The thing is that any change you apply to the layout does really update ResizeObserver params of all items. As a simplest check I made following:
Log for item-19 was called twice, before bordering item-18 and after. This is not related to the scroller, and you need to develop an algorithm that would be specific to your App and your needs.
I researched the problem and even released tiny patch (ngx-ui-scroll v1.8.3) related to it. I can confirm that currently we do not have stable solution on the lib end. The best fit approach is to use Adapter.clip
after the resize is done, but it may fall into a race condition with scroll event triggering. Throttling and Adapter.relax
do help, but not 100%, there are too much async processes.

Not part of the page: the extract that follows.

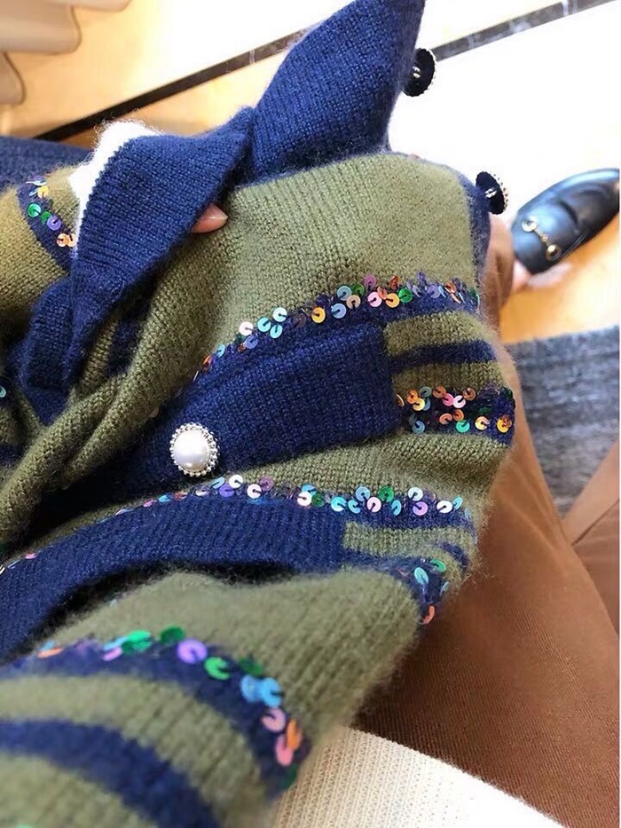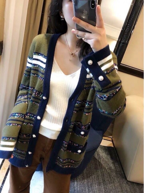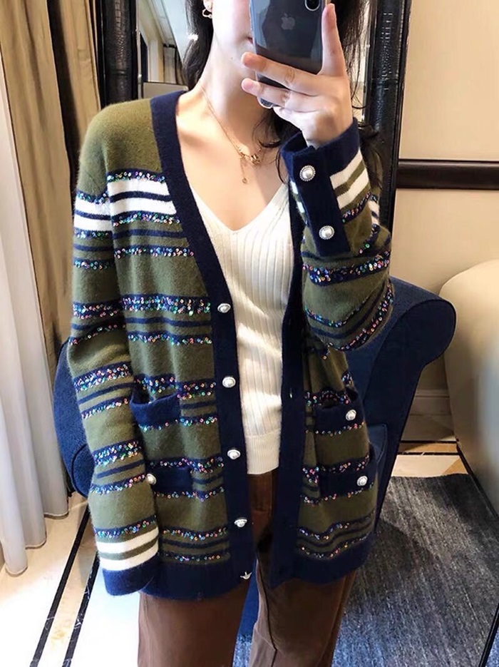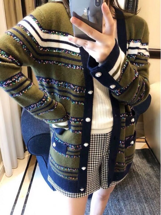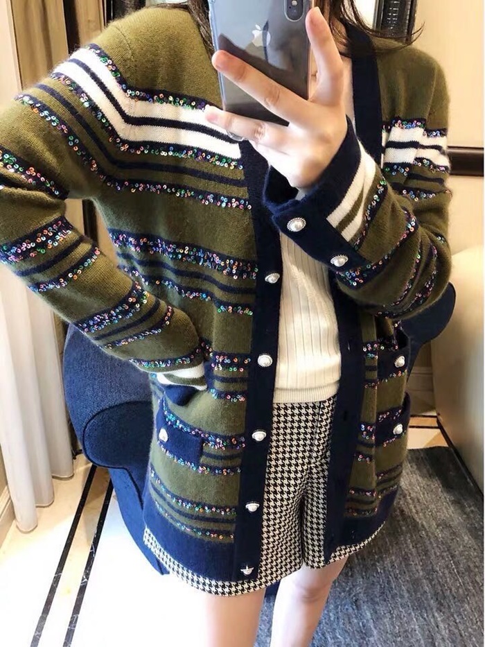シャネルレディーストレンディネックカシミヤカーディガンl0536グリーン

In my current opinion, the Adapter.check
method is the best candidate for handling resize, so I'll be thinking in that direction. I'm not sure whether this is a bug or enhancement (race conditions on clip cloud be treated as a bug, but expanding the Adapter.check functionality is definitely an enhancement), but I'll flag it as a bug because the issue affects the UX.
After some updates (ngx-ui-scroll v1.8.5), I believe the following workaround has become stable enough to be used in different circumstances:
async onViewportResize() {
this.viewportRef.nativeElement.dispatchEvent(new Event('scroll'));
await this.datasource.adapter.relax();
this.datasource.adapter.clip();
}
The demo is available here: https://stackblitz.com/edit/ngx-ui-scroll-change-viewport-size-in-real-time.

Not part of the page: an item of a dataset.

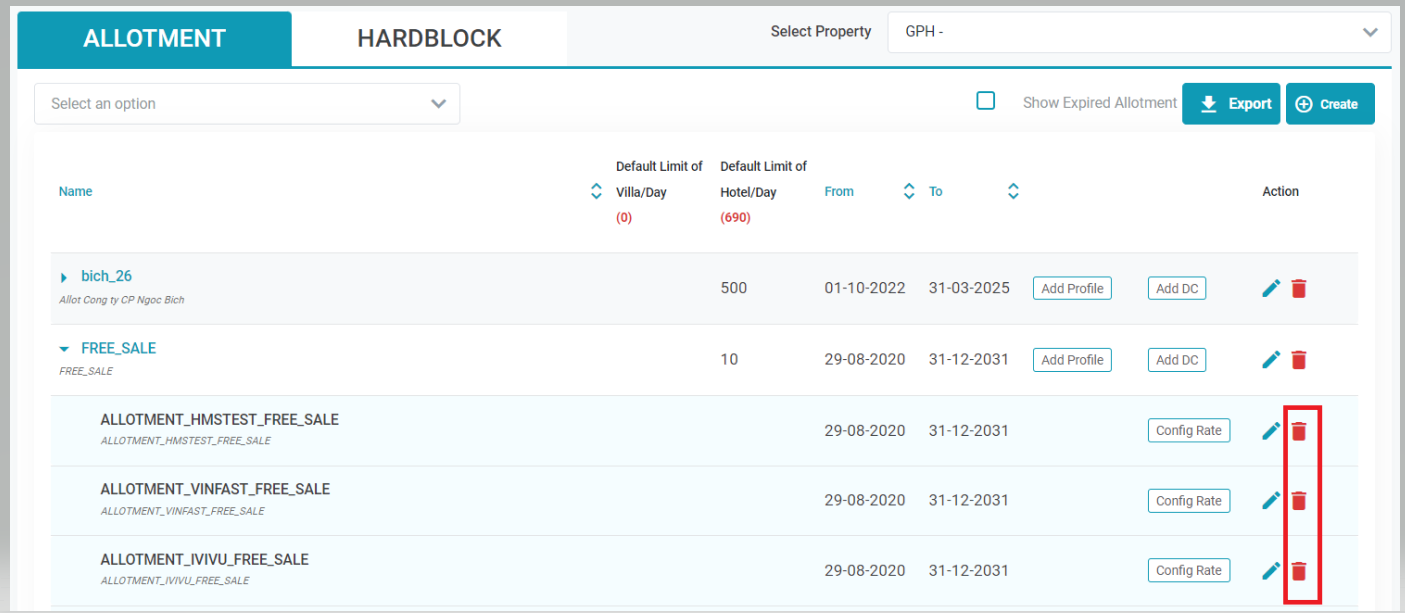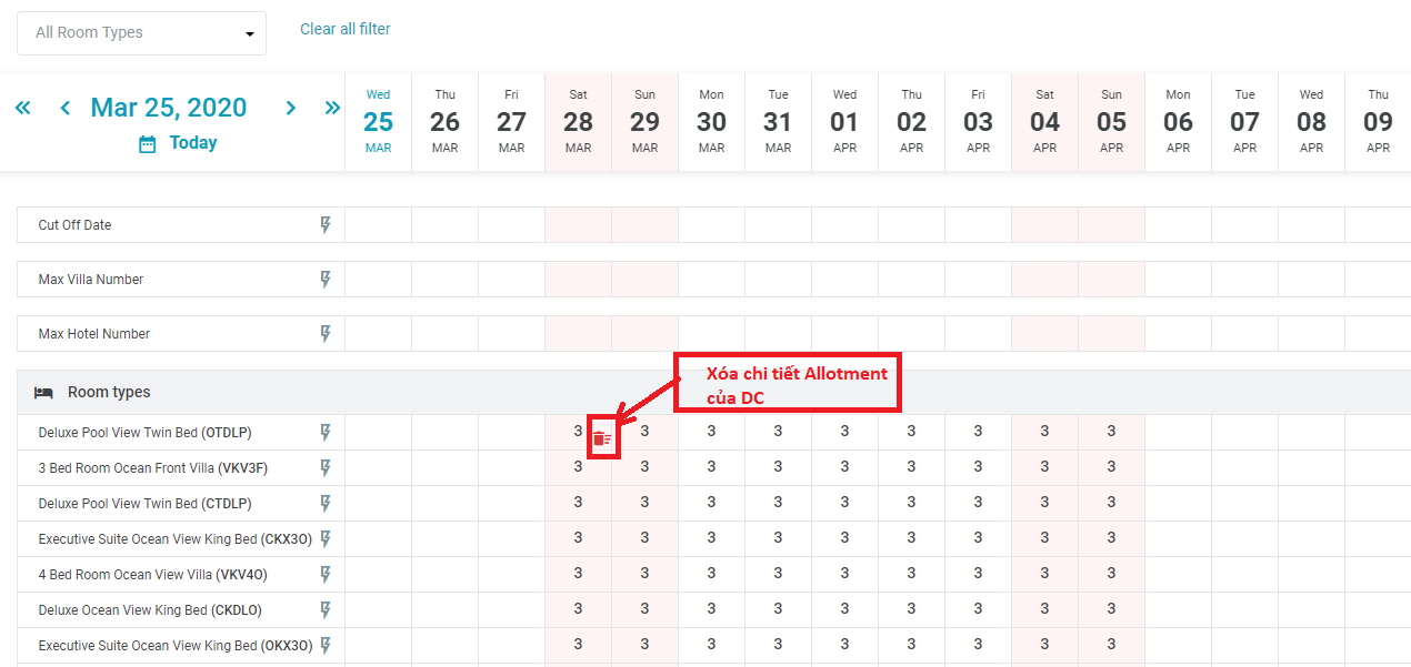 4.3. ลบรายละเอียด Allotment ของช่องทางการขายห้อง

Also, I created separate issue (https://github.com/dhilt/ngx-ui-scroll/issues/218) for handling the viewport size changes with the Adapter.check
method.
@dhilt I don't have enough time to check it out right now, but I think I'll check it out by the end of the week. I guess everything will be fine now. Thank you very much for your efforts and support!
@dhilt I checked your approach and found a little problem: when datasource is empty scroll still appears. Padding isn't recalculated when the viewport is changed. But that's okay. I fixed this with an additional condition:
async onViewportResize() {
if (this.uiDatasource.adapter.itemsCount > 0) {
this.viewportRef.nativeElement.dispatchEvent(new Event('scroll'));
await this.datasource.adapter.relax();
await this.datasource.adapter.clip();
return;
}
await this.datasource.adapter.relax();
await this.datasource.adapter.reload();
}
Now everything works. All I have to do is now to recalculate the padding when the elements are changed. But that's another story. Thank you!
Hello, @dhilt. I agree with @brabenetz comment. It would be very convenient if we could have a parameter like an optional setting property "hideDataPaddingForwardIfLastItemVisible=true" or something else. I have a similar problem issue only the actions to solve it need more: The viewport container has a dynamic height, the parameters have a custom template and can change at any time (by async request) and there is a lot of data. I need to subscribe everywhere to size changes and it becomes inconvenient.
I wanted to clarify: if we change the size of the elements inside, we should use the check() function to check, and if we change the height of the container, then clip (), right?
In general, it would be good to have additional functionality so that we can disable data-padding-forward computations. Maybe you can change my mind and suggest a more elegant solution to my problems. Thank you.